Retooling our schooling

If you were to ask the next five people you see what the purpose of education is, you’re likely to get a similar answer from each of them.  Education has been largely reduced to the process by which one is positioned to make a good living.  While there is nothing inherently wrong with this approach, it fails to maximize the true potential of the educational process.

Despite the instinctive “good education equals success” response to the above question, most would agree that life is about more than having nice stuff.  If it’s true that the ultimate purpose of education can be reduced to materialism, then there remains little reason for us to evaluate schools on anything other than career placement.  In reality, we want far more out of the educational process than just marketability and this should prompt us to reconsider our most basic assumptions about what constitutes a good education.  Specifically, our understanding of success is informed by our current time and place in history.  By all measures, we have been exposed to more messaging on what constitutes “the good life” than any other generation and they all carry with them the same general sentiment: Get ______ and be happy!  Even in its most overt form (advertising), we scoff at the commercial while simultaneously answering its call.  Whether it’s a new home, longer vacation, or some other thing, we are quick to measure the success of our efforts by their ability to provide access to leisure.
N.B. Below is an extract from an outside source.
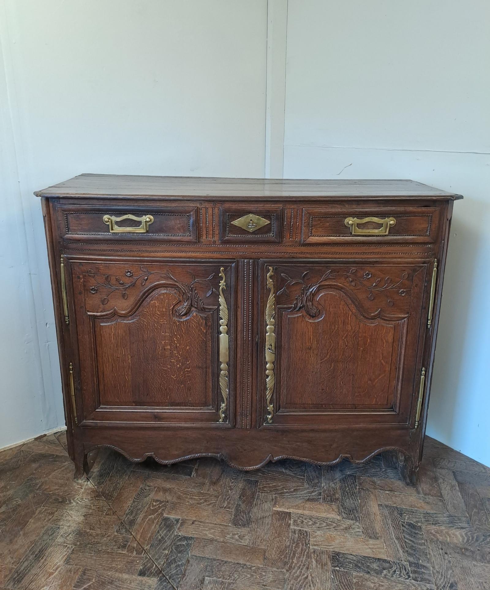 This elegant French carved oak buffet is a charming example of provincial craftsmanship. It features a beautifully aged patina and a warm, rich colour that highlights the natural grain of the wood. Narrow in proportion, it is ideally suited for use in a hallway, dining room, or smaller space where elegance and practicality are both desired.

Education is not immune to this!  We send our kids to school in the hopes that they will get good jobs and one day be able to retire with a bank account that is the envy of their peers, but for what purpose?  While this may be a perfectly acceptable effect of a good education, it’s not a sufficient purpose for education.  If education doesn’t lead us to agree with what God has said about His creation then it doesn’t matter how much it’s valued in the eyes of the world.  This doesn’t mean that secular institutions are off-limits to the Christian, but it does mean that we enter them with our eyes wide open.  As GK Chesterton rightly pointed out, “without a gentle contempt for education, no man’s education is complete.”

Although the controlling aim for most schools can be boiled down to materialism, this should be something of an “away game” for us.  For the Christian on any campus, the goal of their education should be to know God more as a result of their studies.  How does Biology reveal God’s order and design?  What does literature tell me about God’s moral standards?  Would math work apart from the One who holds all things together?  These are questions that ought to inform and direct our foundational desires for education.  When we understand education as a tool that equips us to know God better, we begin the hard work of reclaiming it for its intended purpose.  John Calvin helpfully reminds us that “there is no knowing that does not begin with knowing God.”  This is true, but there is also no knowing that should not end without knowing God.